In Africa, Brazil’s influence extends far beyond the continent’s six Portuguese-speaking countries.

Meanwhile, a defense cooperation agreement with Mali is currently under review, and Brazil’s Ministry of Defense has announced plans for a third naval mission in São Tomé and Príncipe, to open this year.

Brazil is also providing Africa with military, air, and navy training. Between 2003 and 2013, the Brazilian Naval School and Naval War School trained as many as 2,000 military officials from Namibia alone. The Brazilian air force has provided support to pilots from Angola, Guinea-Bissau, and Mozambique. And since 2009, the Brazilian Cooperation Agency has partnered with the country’s Ministry of Defense, budgeting roughly $3.2 million from 2009 to 2013, for training programs for African military personnel. 

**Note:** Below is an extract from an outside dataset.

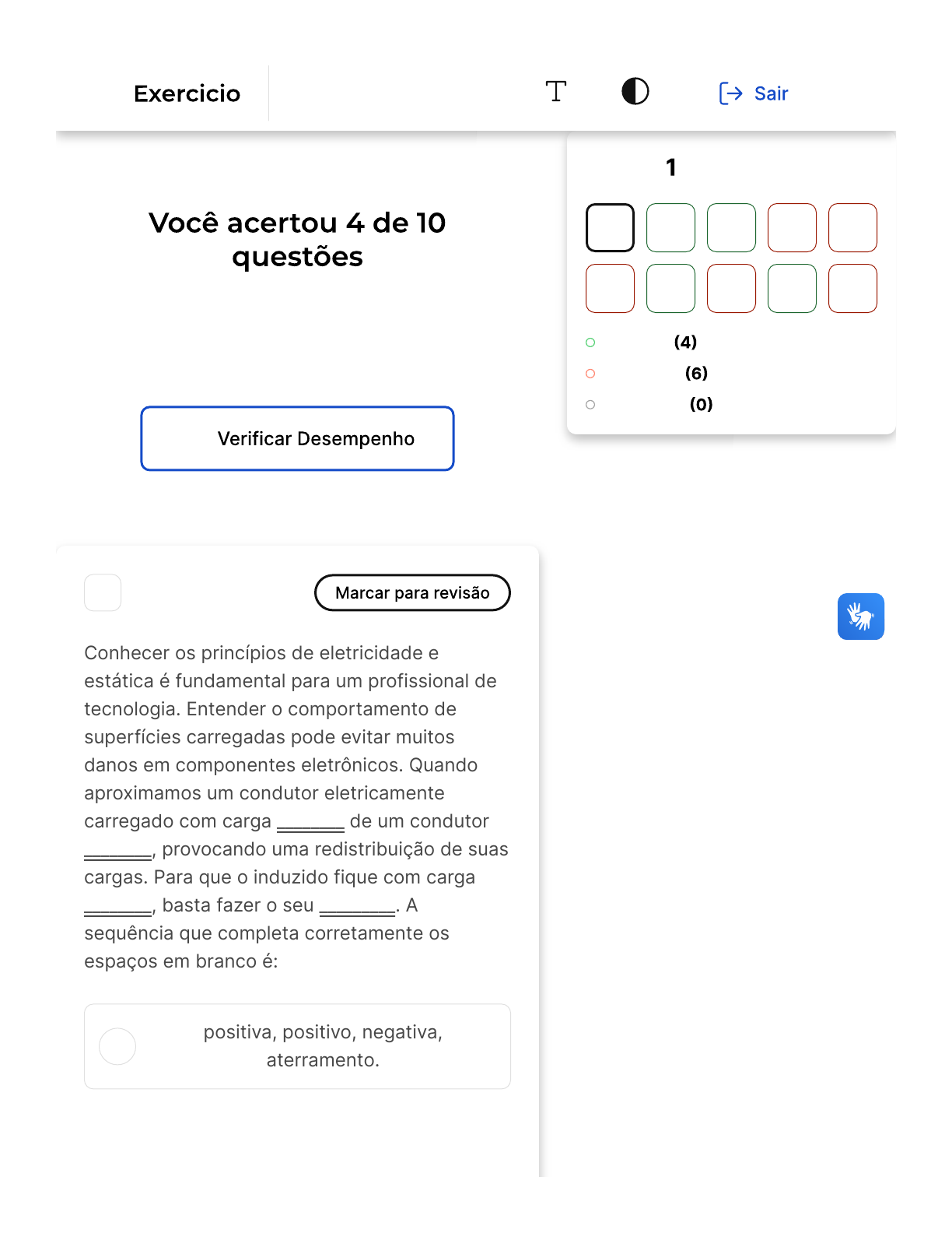 Verifique o seu desempenho e continue treinando! Você pode refazer o exercício quantas vezes quiser. A 1 Conhecer os princípios de eletricidade e estática é fundamental para um profissional de tecnologia. Entender o comportamento de superfícies carregadas pode evitar muitos danos em componentes eletrônicos. Quando aproximamos um condutor eletricamente carregado com carga ________ de um condutor ________, provocando uma redistribuição de suas cargas. Para que o induzido fique com carga ________, basta fazer o seu _________. A sequência que completa corretamente os espaços em branco é: positiva, positivo, negativa, aterramento. Questão de 10 Corretas Incorretas Em branco 1 2 3 4 5 6 7 8 9 10 Eletricidade e Magnetismo Firefox https://estacio.saladeavaliacoes.com.br/exercicio/663ea715139d33d914... 1 of 17 10/05/2024, 20:28 B C D E negativa, neutro, positivo, carregamento. positiva, neutro, negativa, aterramento. negativa, neutro, negativo, descarregamento. positiva, negativo, positivo, aterramento. Opa! A alternativa correta é a letra C. Confira o gabarito comentado! A questão aborda o conceito de indução eletrostática, um fenômeno que ocorre quando um corpo carregado é aproximado de um corpo neutro, provocando uma redistribuição de cargas neste último. No caso apresentado, quando aproximamos um condutor eletricamente carregado com carga positiva de um condutor neutro, as cargas negativas do condutor neutro são atraídas para a região mais próxima do condutor carregado, deixando a outra extremidade com carga positiva. Para que o induzido (condutor neutro) fique com carga negativa, basta fazer o seu aterramento, ou seja, conectar o condutor a terra, permitindo que as cargas positivas se escoem, deixando o condutor com carga negativa. Portanto, a sequência correta Firefox https://estacio.saladeavaliacoes.com.br/exercicio/663ea715139d33d914... 2 of 17 10/05/2024, 20:28 A B C D para preencher os espaços em branco é: positiva, neutro, negativa, aterramento. 2 Conhecer os princípios de eletricidade e estática é fundamental para um profissional de tecnologia. Entender o comportamento de superfícies carregadas pode evitar muitos danos em componentes eletrônicos. A respeito da segunda lei de Ohm, analise as afirmações: I� A resistência elétrica independe do material. II� É correto comparar resistividade elétrica e não resistência elétrica. III� A unidade de resistividade elétrica no SI é Ωm. IV� A resistência elétrica no SI é adimensional. V� Dado um material cilíndrico, quanto maior sua espessura, maior sua resistência. É correto apenas o que se afirma em: I. I, II e III. IV e V. I e II. Firefox https://estacio.saladeavaliacoes.com.br/exercicio/663ea715139d33d914... 3 of 17 10/05/2024, 20:28 E II e III. Parabéns, você selecionou a alternativa correta. Confira o gabarito comentado! As afirmativas corretas são a II e a III. A resistência elétrica, ao contrário do que é afirmado na primeira proposição, depende do material do condutor. A resistividade elétrica, que é a propriedade que um material tem de resistir ao fluxo de corrente elétrica, é uma medida mais adequada para comparações, como afirmado na segunda proposição. A unidade de resistividade elétrica no Sistema Internacional de Unidades �SI� é realmente o Ohm metro (Ωm), conforme afirmado na terceira proposição. A resistência elétrica não é adimensional, e a resistência de um material cilíndrico não aumenta com a espessura, mas sim diminui, pois a resistência é inversamente proporcional à área da seção transversal do material, conforme a equação R � ρ x L/A, onde R é a resistência, ρ é a resistividade, L é o comprimento e A é a área da seção transversal. 3 Firefox https://estacio.saladeavaliacoes.com.br/exercicio/663ea715139d33d914... 4 of 17 10/05/2024, 20:28 A B C D E Conhecer os princípios de eletricidade e estática é fundamental para um profissional de tecnologia. Entender o comportamento de superfícies carregadas pode evitar muitos danos em componentes eletrônicos. Quando dizemos que um campo magnético é sempre produzido por uma corrente elétrica ou por um campo elétrico variável, estamos enunciando: A Lei de Ohm. A lei de Ampère. O efeito Joule. A lei de Kirchhoff. A lei de Coulomb. Parabéns, você selecionou a alternativa correta. Confira o gabarito comentado! A alternativa correta é a letra B, que se refere à lei de Ampère. Esta lei estabelece que um campo magnético é sempre produzido por uma corrente elétrica ou por um campo elétrico variável. É importante diferenciar essa lei das demais opções apresentadas. A Lei de Ohm, por exemplo, Firefox https://estacio.saladeavaliacoes.com.br/exercicio/663ea715139d33d914... 5 of 17 10/05/2024, 20:28 A está relacionada à resistência elétrica. O efeito Joule, por sua vez, diz respeito à energia dispersada na forma de calor pela passagem de corrente elétrica. A lei de Kirchhoff é utilizada na resolução de circuitos elétricos por meio do uso de malhas ou nós. Por fim, a lei de Coulomb trata da força entre cargas elétricas separadas por uma dada distância. 4 Conhecer os princípios de eletricidade e magnetismo é fundamental para um profissional de tecnologia. Entender o comportamento de superfícies carregadas pode evitar muitos danos em componentes eletrônicos. A respeito de campo magnético, analise as afirmativas abaixo: I� Um campo magnético é induzido em um condutor quando o campo magnético que o circunda é alterado; II� A magnitude desse campo magnético induzido é diretamente proporcional à taxa com que varia o campo magnético externo no tempo. III� A noção de campo magnético induzido depende da direção da taxa de mudança do campo magnético no tempo. É correto apenas o que se afirma em: Apenas I. Firefox https://estacio.saladeavaliacoes.com.br/exercicio/663ea715139d33d914... 6 of 17 10/05/2024, 20:28 B C D E Apenas II. I e

The flurry of cooperation agreements sends a strong signal to Brazilian defense contractors to do business in Africa. Both public and private firms are getting in line, not least trade organizations such as the Brazilian Defense and Security Industries Association, Comdefesa, and the Brazilian Trade and Investment Promotion Agency

Brazilian arms manufacturers have ramped up their efforts to align weapons development and technology production pipelines with African demand. Embraer, for example, brokered several deals to sell its signature aircraft, the Super Tucano A-29, along with training and technical assistance. The company signed contracts with Angola, Burkina Faso, and Mauritania worth more than $180 million in total. 

Likewise, GhanaMali, and Senegal either signed procurement deals or signaled their intention to purchase Embraer’s Super Tucano. These deals pale in comparison with those the company has made with the United States, Sweden, and the United Arab Emirates, but they are significant nevertheless, since they signify a deepening relationship with Brazil.

Brazil is also cashing out at international arms fairs, and some of its major clients are based in Africa. The country shipped more than $70 million in small arms and ammunition to 28 African countries from 2000 to 2013, according to the latest available UN data. Algeria tops the list of Brazil’s small arms and ammunition clients, with purchases of more than $23 million. Algeria is followed by Botswana, South Africa, Kenya, and Angola.

Arms fairs offer important opportunities for Brazil to deepen its south–south cooperation with Africa. At the 2013 Latin America Aerospace and Defense fair, the largest in the region, Brazil’s minister of defense met with 14 ministers or deputy ministers from African and Latin American countries over the course of just three days. Such events confirm that Brazil is hardening its soft power across the South Atlantic. In the process, Brazil is using Africa to signal its arrival as a global player on the world stage.